THE DATA >>
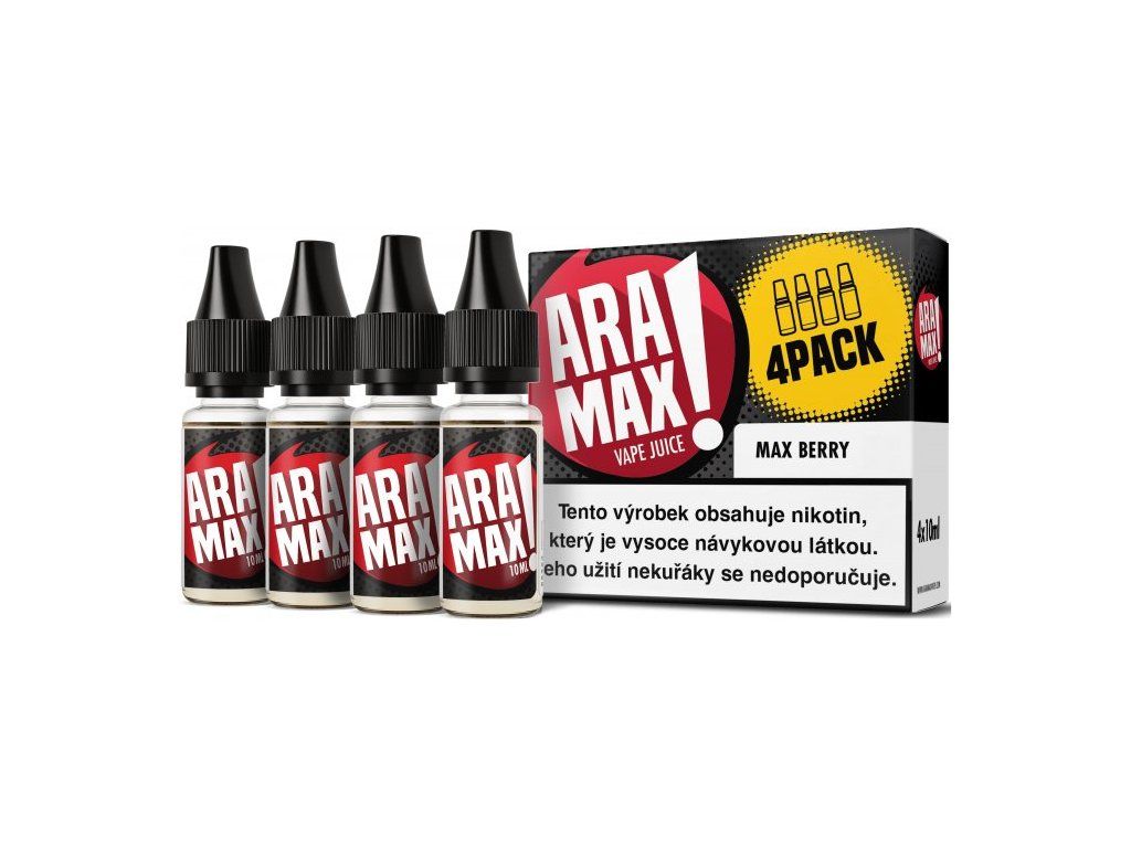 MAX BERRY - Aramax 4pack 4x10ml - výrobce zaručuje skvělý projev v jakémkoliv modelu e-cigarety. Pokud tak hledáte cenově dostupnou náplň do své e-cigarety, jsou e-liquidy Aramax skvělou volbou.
...
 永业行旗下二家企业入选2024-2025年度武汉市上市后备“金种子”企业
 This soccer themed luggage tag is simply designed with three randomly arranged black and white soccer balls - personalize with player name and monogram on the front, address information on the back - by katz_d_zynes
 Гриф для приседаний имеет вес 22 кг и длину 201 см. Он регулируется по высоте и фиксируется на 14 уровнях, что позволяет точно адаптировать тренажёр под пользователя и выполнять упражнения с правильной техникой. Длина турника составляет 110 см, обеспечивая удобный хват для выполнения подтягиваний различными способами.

PROMPT >> Each line in the entries above, starting at the line with "This soccer themed" and ending at the line with "Гриф для приседаний", is to be printed exactly, and only those lines.

ANSWER SPACE >>
 This soccer themed luggage tag is simply designed with three randomly arranged black and white soccer balls - personalize with player name and monogram on the front, address information on the back - by katz_d_zynes
 Гриф для приседаний имеет вес 22 кг и длину 201 см. Он регулируется по высоте и фиксируется на 14 уровнях, что позволяет точно адаптировать тренажёр под пользователя и выполнять упражнения с правильной техникой. Длина турника составляет 110 см, обеспечивая удобный хват для выполнения подтягиваний различными способами.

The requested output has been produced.